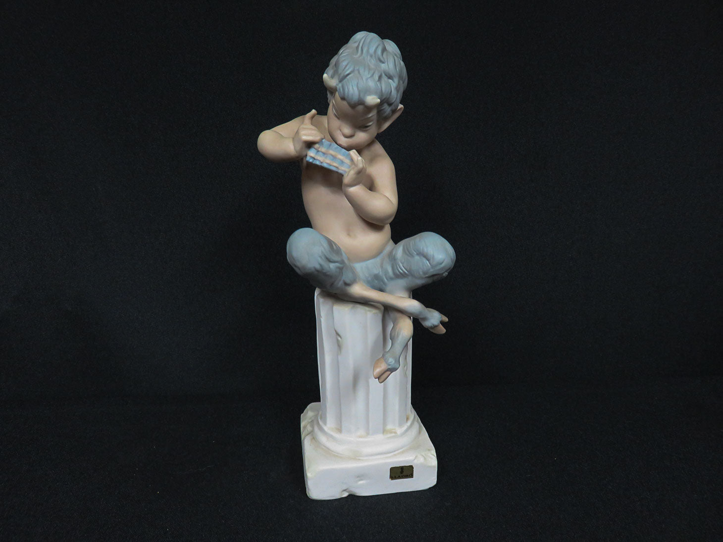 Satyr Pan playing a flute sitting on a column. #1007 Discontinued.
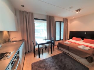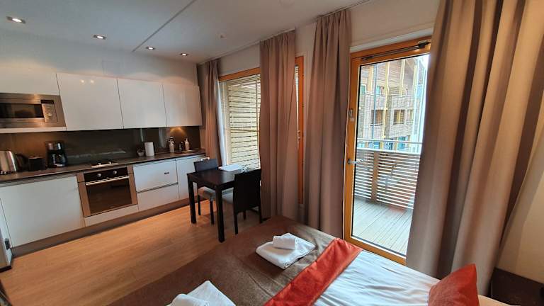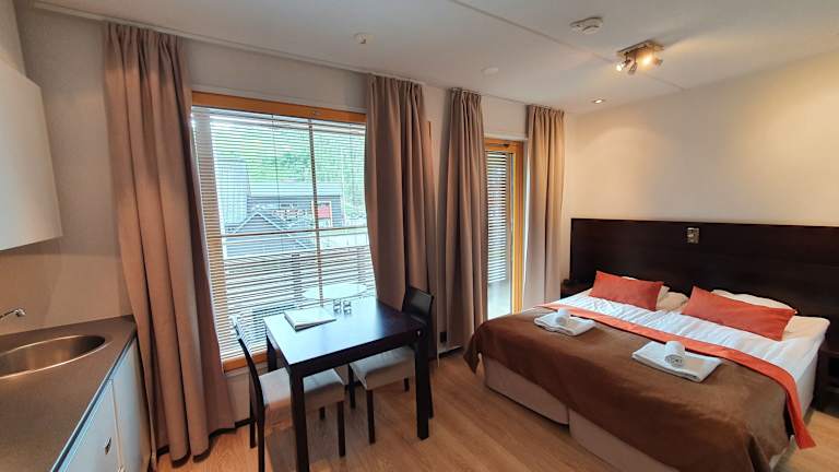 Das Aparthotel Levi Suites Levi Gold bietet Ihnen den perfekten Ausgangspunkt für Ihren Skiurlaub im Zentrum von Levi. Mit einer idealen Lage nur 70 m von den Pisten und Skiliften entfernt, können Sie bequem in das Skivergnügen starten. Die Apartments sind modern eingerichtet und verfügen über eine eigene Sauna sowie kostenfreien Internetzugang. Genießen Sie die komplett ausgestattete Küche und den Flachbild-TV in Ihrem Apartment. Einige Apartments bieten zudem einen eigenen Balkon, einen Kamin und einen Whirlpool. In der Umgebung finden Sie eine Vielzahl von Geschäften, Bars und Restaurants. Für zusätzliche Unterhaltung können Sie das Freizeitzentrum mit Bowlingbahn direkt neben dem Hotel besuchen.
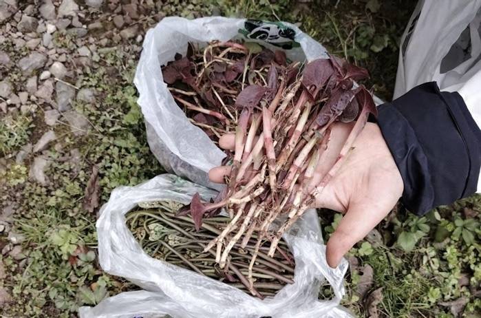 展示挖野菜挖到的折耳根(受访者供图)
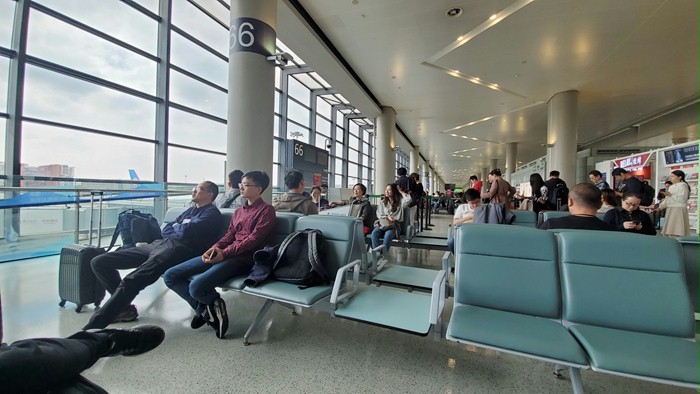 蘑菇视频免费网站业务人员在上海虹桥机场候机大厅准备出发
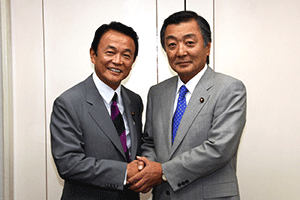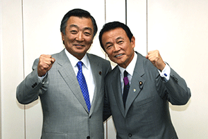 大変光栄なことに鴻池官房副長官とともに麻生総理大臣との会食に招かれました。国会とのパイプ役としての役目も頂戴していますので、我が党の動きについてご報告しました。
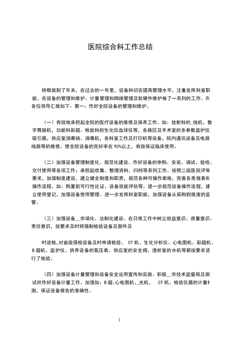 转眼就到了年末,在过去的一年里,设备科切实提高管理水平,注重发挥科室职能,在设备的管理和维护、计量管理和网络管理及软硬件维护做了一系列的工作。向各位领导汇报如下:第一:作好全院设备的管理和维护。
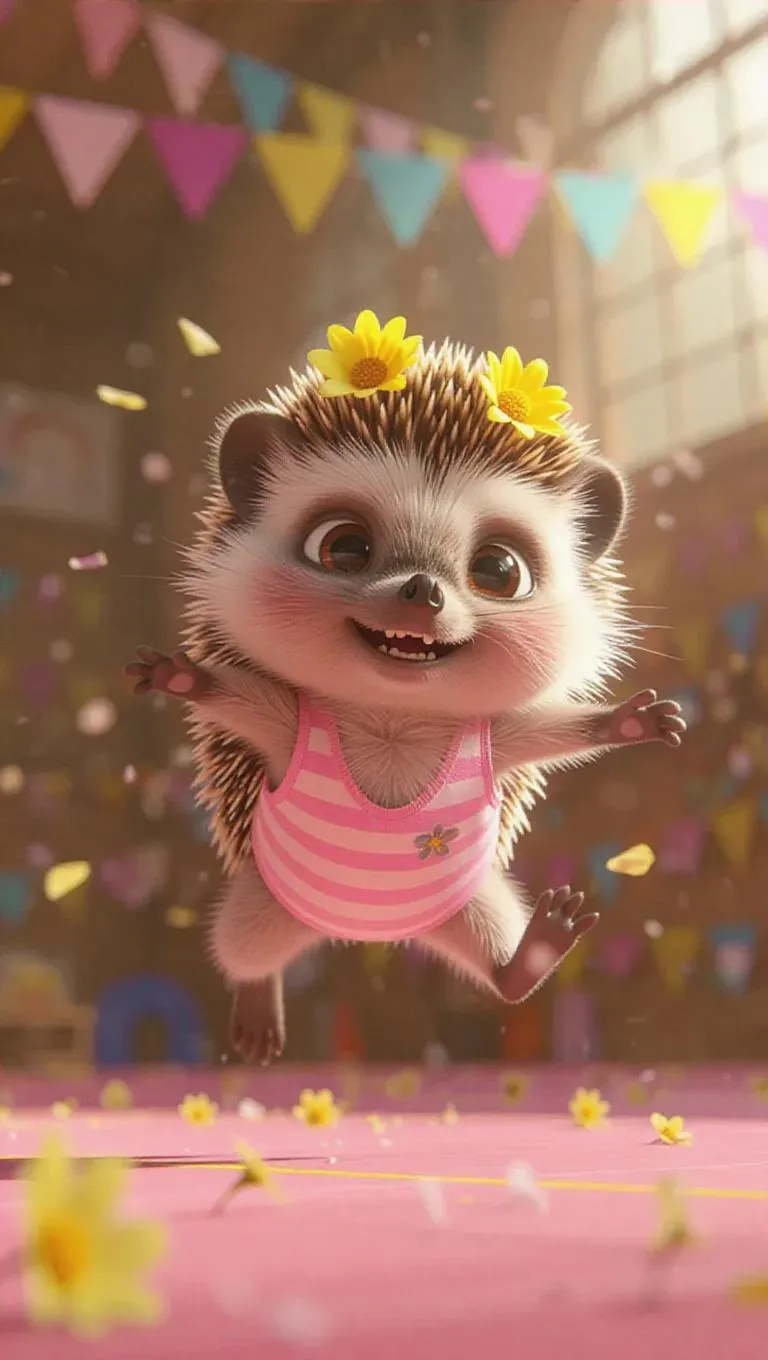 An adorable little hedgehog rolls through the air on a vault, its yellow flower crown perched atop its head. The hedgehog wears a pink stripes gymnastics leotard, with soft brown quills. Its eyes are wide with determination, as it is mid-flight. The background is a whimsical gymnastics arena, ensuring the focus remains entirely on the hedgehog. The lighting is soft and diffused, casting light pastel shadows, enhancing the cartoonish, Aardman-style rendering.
---
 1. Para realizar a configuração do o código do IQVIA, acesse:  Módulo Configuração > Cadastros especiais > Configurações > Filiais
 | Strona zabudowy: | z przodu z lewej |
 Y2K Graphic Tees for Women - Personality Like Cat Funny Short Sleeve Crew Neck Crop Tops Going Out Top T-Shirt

Exercise aim → Copy word for word only the lines above from the one with "大変光栄なことに鴻池官房副長" through the one with "转眼就到了年末,在过去的一年". Leave pictures out.

Result →
 大変光栄なことに鴻池官房副長官とともに麻生総理大臣との会食に招かれました。国会とのパイプ役としての役目も頂戴していますので、我が党の動きについてご報告しました。
 转眼就到了年末,在过去的一年里,设备科切实提高管理水平,注重发挥科室职能,在设备的管理和维护、计量管理和网络管理及软硬件维护做了一系列的工作。向各位领导汇报如下:第一:作好全院设备的管理和维护。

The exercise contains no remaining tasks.